This article was published in 2009, in Newsletter 82.
The Campaign published a ‘position paper’ on legal and responsible cycling a number of years ago and we’re considering an update. Here Jim Chisholm gives his personal view on legal and responsible enforcement.
As part of our vain efforts to get the police to take action over inconsiderate driving on Hills Road bridge, in a letter to the police we asked for some data. We’ve now been provided with this by the Officer responsible for Freedom of Information. We’d asked for a list of locations where cyclists had been fined either for riding on the footway, or riding without lights within the City in recent years.
Having reviewed the data I’ve serious concerns about the ‘proportionality’ and ‘legality’ of police enforcement of the law relating to cycle offences. Clearly just as with motorists we should expect action to be taken against cyclists who seriously endanger others and, although I wouldn’t like to be called ‘Mr Getemoff’, I suspect a number of the fines are either inappropriate, illegal or both.
So what data have we been given?
Nearly 350 cyclists have been fined for ‘Cycling on the Footway’. As far as I can determine, this is the only offence for which a PCSO can issue a ticket. Of these fines nearly half were issued on roads with no footway! As far as I can determine, and I’ve heard from a former PCSO who is now training as a lawyer, you can only be fined for riding on the footway if there is an adjacent road on which you could cycle, other restrictions excepted. So Petty Cury (76) and Burleigh/Fitzroy (12+10) should be covered by ‘No vehicle’ access restrictions. We’ve previously questioned tickets issued in Sussex Street (20) because whatever signage should have been there was absent. It may be that we should support banning of cycling in these streets, but it should be by legal TROs (Traffic Regulation Orders) with legal signage. In Petty Cury the only indications that cycling is prohibited are the very small (100mm) ‘No Entry’ signs on the wooden posts.

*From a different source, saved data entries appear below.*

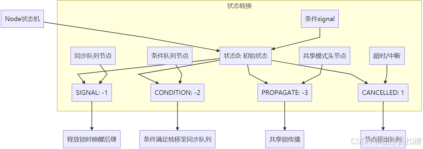 典型应用场景: 在doReleaseShared方法中,当头节点状态从SIGNAL变为0后,如果检测到有后续的共享节点,会将状态设置为PROPAGATE以确保传播继续。
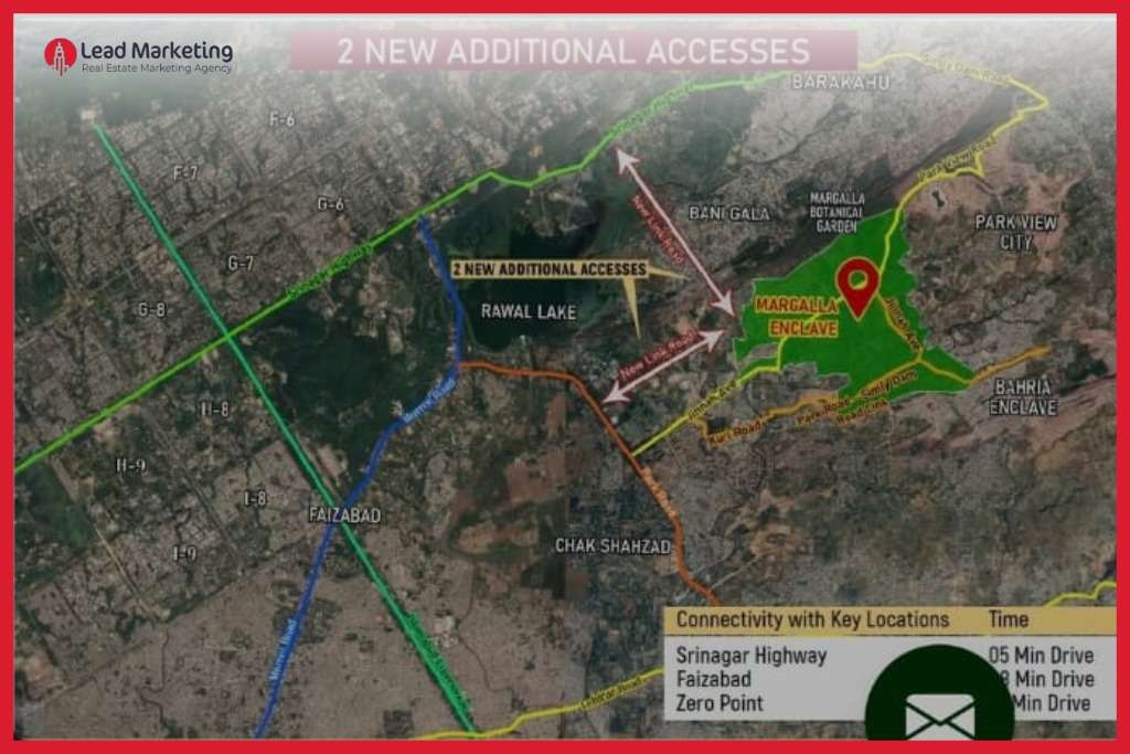 The location of Margalla Enclave is already in a prime location between Bani Gala, Park View City, and Bahria Enclave. Nevertheless, its accessibility in the urban network of Islamabad has been further increased by the newly opened access points.
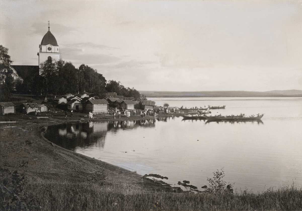 Rättviks kyrka i Dalarna. Kyrkbåtar på Siljans vatten. Vid stranden framför kyrkstallarna står högtidsklädda människor.
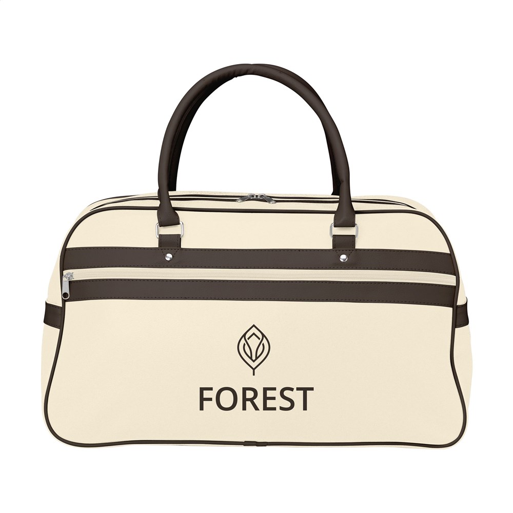 PVC/PU sporttas in jaren '70 look met gevoerde binnenzijde, hoofdvak en ritsvak, 2 stevige handgrepen, inlegbodem en beschermnoppen. Afgewerkt met hoogwaardige materialen die een lange levensduur garanderen. Inhoud ca. 21,5 liter.
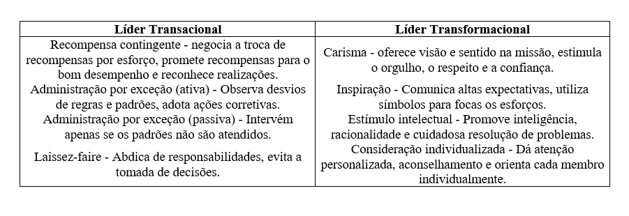 Os líderes transformacionais fornecem apoio socioemocional aos seguidores e aumentam o apelo emocional das atividades organizacionais, desenvolvendo assim o compromisso afetivo e o apego dos seus colaboradores à organização (Berkovich & Hassan, 2023). Bass (1990) apresenta as principais características dos líderes transacionais e transformacionais, conforme Quadro 1.
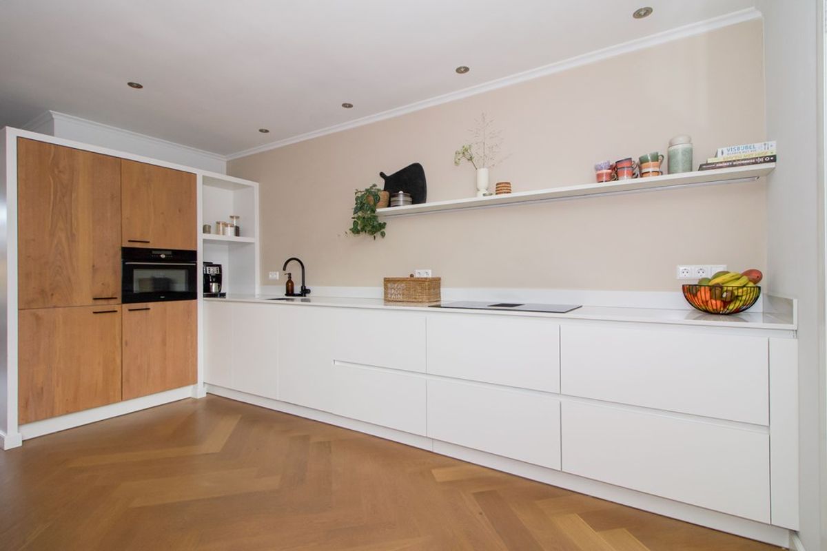 Dit is zo’n woning waar je binnenstapt en direct voelt: hier klopt het. De houten vloer, de lichte inrichting en de haard geven de woonkamer een warme, eigentijdse uitstraling. Alles is de afgelopen jaren met smaak vernieuwd, waardoor het geheel een rustige en stijlvolle basis heeft.
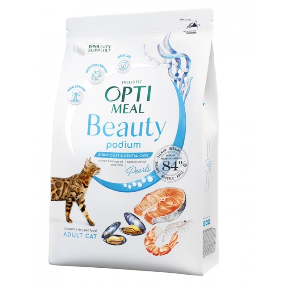 Краса - це результат здоров’я. Тому має бути здоровий підхід до краси. Лінійка Optimeal Beauty розроблена за холістичним підходом, тож це щоденне збалансоване харчування, яке дбає не тільки про здоров’я тварини, а й про її красу та збалансований настрій. PODIUM - розроблена фахівцями формула харчування, що розкриває унікальну красу вашого улюбленця. Олія лосося містить Омега 3 жирні кислоти, зокрема DHA і EPA, які підтримують здоров’я шкіри та красу шерсті. Алое вера сприяє захисту і регенерації клітин та володіє протизапальними властивостями. Олія огірочника багата на гамма-ліноленову кислоту (Омега 6), яка допомагає заспокоїти чутливу шкіру тварини, нормалізує процес линьки, сприяє росту шерсті. Якщо ви хочете зробити акцент на досконалій фізичній формі, розкішному зовнішньому вигляді чи гармонійному емоційному стані, то можливий перехід між трьома функціональними продуктами Fitness, Podium і Harmony.
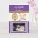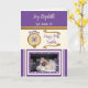 Ett hälsningskort för Guld Bröllop-årsdagen. För make eller fru. Lägg till namn, foto och initialer. 50 lycklig tillsammans. Lila och grädde, med kärlek-hjärtan och virvelformar. Jag har tur.
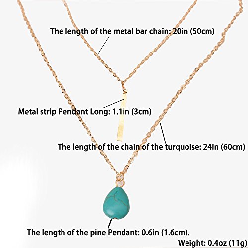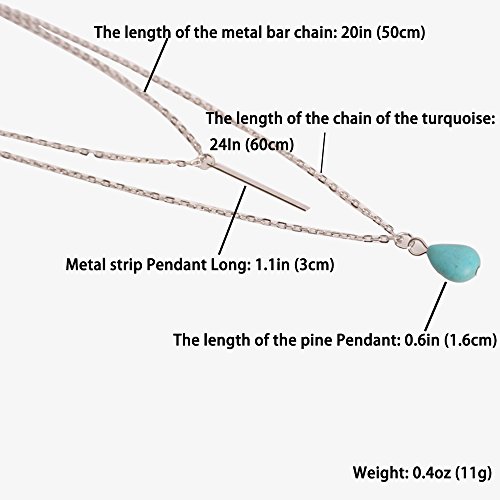 Studio : kaimap Publisher : kaimap Binding : Jewelry Product Description 【Kaimap Brand Story】: Kaimap dedicate to sourcing and selling unique and trendy fashion jewelry and accessory, with the environment friendly material and expert finishing techniques, we have confidence to supply customers the high quality products with fair prices. Each piece Kaimap sell is hand-checked for quality, and we are proud to offer a 100% customer satisfaction guarantee. It's always welcomed to contact us any question any time. 【Kaimap- Your Reliable Choice of Fashion Jewelry】: 1. 100% Brand New and Unique Design 2. All Fashion Jewelry, Well Made and One by One Quality Controlled. 3. Offer Great Values at Affordable Prices, Luxury Appearance. 【Material】: Stainless Steel and Turquoise 【The length of the metal bar chain】: 20in (50cm). 【The length of the chain of the turquoise】: 24In (60cm). 【Metal strip Pendant Long】: 1.1in (3cm). 【The length of the pine Pendant】: 0.6in (1.6cm). 【Weight】: 0.4oz (11g). Method of Jewelry Maintenance and Protection 1. Please don't wear a long time. You should often replace your jewelry and avoid wearing a long time, especially in the hot summer. 2. Please do not touch with chemicals; otherwise, it will erode your jewelry. 3. Please try not to touch water and don't wear it when you bathing and swimming. Otherwise, these are all damaged to your jewelry, and will affect its gloss. 4.Frequent cleaning is necessary. Please use a soft brush to wipe the surface of the accessory and remove its surface stains. 0

The police and the appropriate local authorities need to talk to each other, ensuring that the correct TROs and signs are in place, and that if cyclists are to be fined it is done under the correct regulation.
Incidentally, of those tickets issued elsewhere, 29 have been issued on Hills Road bridge during the current road works. The Campaign does not support cycling on footways, but to fine cyclists here when we’ve been given no evidence that even a single motorist has been fined for overtaking cyclists in the 3.0 m traffic lanes, seems an unbalanced use of police resources.
We’ve also obtained the data on fines issued for cycling without lights. Over 550 were issued but some 240 were in the City Centre ‘pedestrian area’. Perhaps surprisingly only 144 out of the 560 were issued on or outside the ‘ring road’ and it seems that fining the cyclist without lights outside Sainsbury’s is just too easy (123). It was interesting to discover that only 71 motorists have been fined within the City for lighting offences over the same period. I reckon, on my cycle trip home through Trumpington and Shelford, to see at least four times as many cars with illegal lights as cyclists without lights. It was also disappointing to hear that the police seem to have abandoned the use of ‘Defect Rectification Notices’ for cycle light offences. If such a notice is issued, the person concerned is not fined if they produce evidence that the fault has been rectified within 14 days.